Ved Parkash
Vs. The State of Haryana [1996] INSC 986 (20 August 1996)
Mukherjee
M.K. (J) Mukherjee M.K. (J) Kurdukar S.P. (J)
CITATION:
1996 SCALE (6)78
ACT:
HEAD NOTE:
O R D
E R
Gian Chand
(complainant) and the appellant accused were known to each other as they were
neighbors living in the same locality at Karnal. It is the case of Gian Chand
that fifteen days before the incident in question, the appellant/ accused had
come to his house and, when he was found drunk, he (the complainant) told him
not to visit his house under the influence of liquor. The appellant took it is
an insult.
It is
alleged by the prosecution that on 14th October, 1986, at about 4.00 p.m. the complainant was returning to his house after
attending his office duty. On the way just near his house, he stopped at a tea
shop & Udhey Bhan where some persons were standing. Piare Lal also joined
him. When they were going to their house, they came near the crossing (chowk)

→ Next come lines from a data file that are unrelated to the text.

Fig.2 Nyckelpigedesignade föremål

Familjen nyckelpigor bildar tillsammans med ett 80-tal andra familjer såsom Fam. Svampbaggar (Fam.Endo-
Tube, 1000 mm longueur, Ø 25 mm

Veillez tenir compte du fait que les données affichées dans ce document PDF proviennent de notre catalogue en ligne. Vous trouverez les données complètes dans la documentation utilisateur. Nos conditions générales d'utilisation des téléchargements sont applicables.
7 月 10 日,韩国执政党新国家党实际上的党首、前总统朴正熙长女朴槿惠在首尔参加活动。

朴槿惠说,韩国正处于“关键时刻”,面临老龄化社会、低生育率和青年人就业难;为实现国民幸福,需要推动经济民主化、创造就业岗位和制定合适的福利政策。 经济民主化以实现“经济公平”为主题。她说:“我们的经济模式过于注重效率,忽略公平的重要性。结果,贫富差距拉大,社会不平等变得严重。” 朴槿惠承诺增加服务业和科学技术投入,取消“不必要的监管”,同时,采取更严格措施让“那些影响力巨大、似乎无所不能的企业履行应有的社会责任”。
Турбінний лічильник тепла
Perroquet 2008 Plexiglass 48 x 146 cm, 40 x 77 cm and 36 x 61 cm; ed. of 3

known as 'Lal Quan'. At that place, four persons, namely, Ram Lal, Anant Ram
and two others were playing cards. They stopped they and were watching the
game, Ved Parkash (hereinafter referred to as 'the accused') came there and
questioned the complainant as to why he had insulted him the other day when he
had come to his house. It is then alleged by the prosecution that the accused
immediately took out a revolver from his pant pocket and fired at Gian Chand
and the bullet hit his left toe. The bullet then hit against a hard substance,
rebounded and hit Gian Chand on his right leg calf. The persons who were
present there tried to apprehend the accused but he fled away. The injured was
then taken tn the hospital by Jai Devi (PW 5) where he was examine by Dr. V.K.Agarwal
(PW 3) who noticed two injuries on the complainant. Doctor sent a ruqqa (Ex.PD)

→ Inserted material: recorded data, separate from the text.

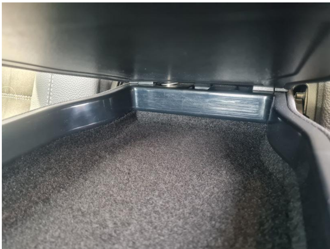
Fot. 63 Kanapa tyl. - Inne 1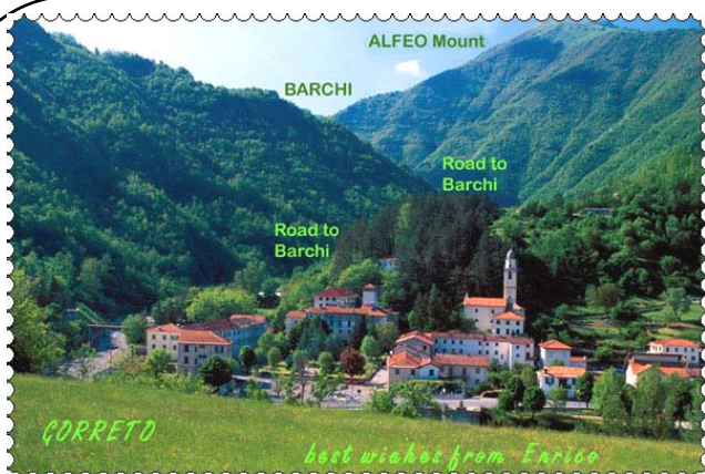
Figura 12 - Panoramica di Gorreto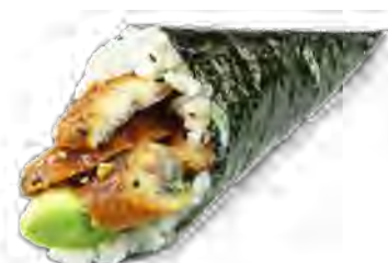
T5 6,50€ Anguille

to the police post attached to the General Hospital.
On
receipt of this ruqqa, ASI Ajit Singh (PW 6) who was then incharge of this
police post came to the hospital. ASI Ajit Singh ( PW 6) then met the doctor
who told him that the injured is in a fit condition to make a statement. ASI Ajit
Singh then recorded the statement of Gian Chand (Ex.PA) and forwarded it to the
police station, City Karnal, for recording formal FIR. It was so recorded by ST
Kartar Singh being Ex. PA/1. SI Kartar Singh (PW 9) then went to the hospital
and took over the investigation. The investigation. officer carried out part of
the investigation. On the next day i.e. 15th October, 1986 he went to the house
of the accused. Accused was not found in his house; however, his brother Jai Parkash
produced the accused at about 1.30 p.m.
During
interrogation, accused made a statement under section 29 of the Evidence Act
which led to the recovery of revolver. Seizure panchnama was accordingly made
and the revolver with five cartridges and his licence were taken charge of.
After completing the investigation, the accused was put up for trial for the
offences punishable under Section 307 of the Indian Penal Code and under
Section 6 of the Terrorist and Disruptive Activities (Prevention) Act, 1985
read with Section 27 of the Arms Act.
2. The
appellant denied the charge and claimed to be tried. In his statement recorded
under Section 313 of the Code of Criminal Procedure, he asserted that he is
innocent and had committed no offence. The appellant has examined Anant Ram as
his witness (DW 1).
3. The
prosecution in support of its case examined Gian Chand-the complainant (PW 1)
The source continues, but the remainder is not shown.